PS C:\Users\Xeni> D:\MyScript\CodeBlocks\testapp\bin\Release\testapp.exe
fast_log_p9: 9.5367431640625e-05 nanoseconds
-0.4317024052143097
7.897567749023438

So how can I measure the execution time of a code-block with all optimizations on with a method that is easily reusable?


For whatever it is worth I have benchmarked std::log2 provided by Visual Studio 2022 and mine is clearly faster and as precise with /fp:fast flag:

    start = steady_clock::now();
    for (int64_t i = 0; i < 1048576; i++) {
        r = std::log2f(random_floats[i % 256]);
    }
    end = steady_clock::now();
    time = end - start;
    r = std::log2f(0.7413864135742188f);
    cout << "std::log2f: " << time.count() / 1048576 << " nanoseconds\n";
    cout << r << '\n';
fast_log2_p9: 0.9081840515136719 nanoseconds
-0.4317024052143097
std::log2f: 54.67109680175781 nanoseconds
-0.4317024052143097

Additionally, I use Visual Studio 2022 on Windows 10 x64, it should be extremely obvious, and quick-bench.com doesn't use MSVC compiler. My functions use inline, I have just seen that with inline enabled my function clocked 41 nanoseconds, but after I removed the three inline keywords the function clocked 29 nanoseconds. There would be a very high error because I have only run it twice.

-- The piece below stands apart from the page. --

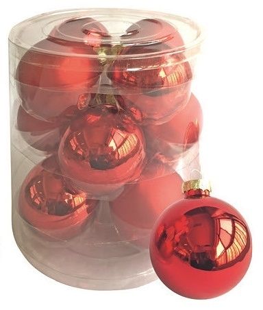 Sada skleněných baněk červených 5,7 cm, 12 ks

But clearly the benchmark disregards inline because disabling the inline should make the code run much slower, it doesn't.

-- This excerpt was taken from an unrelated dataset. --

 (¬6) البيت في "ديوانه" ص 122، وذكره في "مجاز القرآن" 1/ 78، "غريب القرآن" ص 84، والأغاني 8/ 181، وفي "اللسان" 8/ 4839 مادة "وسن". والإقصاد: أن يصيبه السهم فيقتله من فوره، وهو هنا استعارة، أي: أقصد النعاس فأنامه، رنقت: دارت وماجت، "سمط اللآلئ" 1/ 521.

And benchmark::DoNotOptimize(r); is used, while I don't know its exact purpose, clearly the optimization isn't enabled, and my question clearly stated that I want to measure the execution time of the function WITH ALL OPTIMIZATIONS ENABLED, because of course I would use the code with all optimizations.

And while it is true CPU's don't execute C++ code and C++ functions aren't translated into a continuous sequence of instructions, clearly I am stating that I want to measure the time that a function would typically take to complete, an average across many runs that I should expect.


Solution

  • Performance measurement of C++ code can be very hard.

    The chief problem is compilers. CPU's do not execute your C++ code. They execute CPU instructions. Your C++ code is translated to CPU instructions. Modern compilers, as a fundamental part of their design, do not translate every fragment of C++ code to a unique contiguous sequence of CPU instructions.

    Thus, your question "how much time does this function take" already starts with the assumption that the function corresponds to a sequence of CPU instructions, with a start and an end, and no other instructions in between.

    To make things worse, even if the compiler would output such a sequence, a modern CPU doesn't care that much. Out-of-Order Execution has been a standard CPU feature for decades by now.

    And what exactly is the end of an instruction? The time when the value is written back to memory? With modern CPU's, that might not even happen. The CPU core has a queue of outstanding writes, and a later write can make an earlier write moot.

    Your basic idea is to insert C++ benchmarking code. This really, really interferes with your program. You are no longer measuring the original functions. You're measuring new functions. Note that the timing code is functionally unrelated. Your out-of-order CPU can detect that instructions for steady_clock::now(); are unrelated to fast_log2_p9, so it can just decide to start with fast_log2_p9 even though the C++ code says it shouldn't.

    Because of this, the fundamental idea of this question is just flawed. If you care about nanoseconds, you need to understand pipelined, out-of-order CPU's, the effects of cache and memory, and other hardware realities.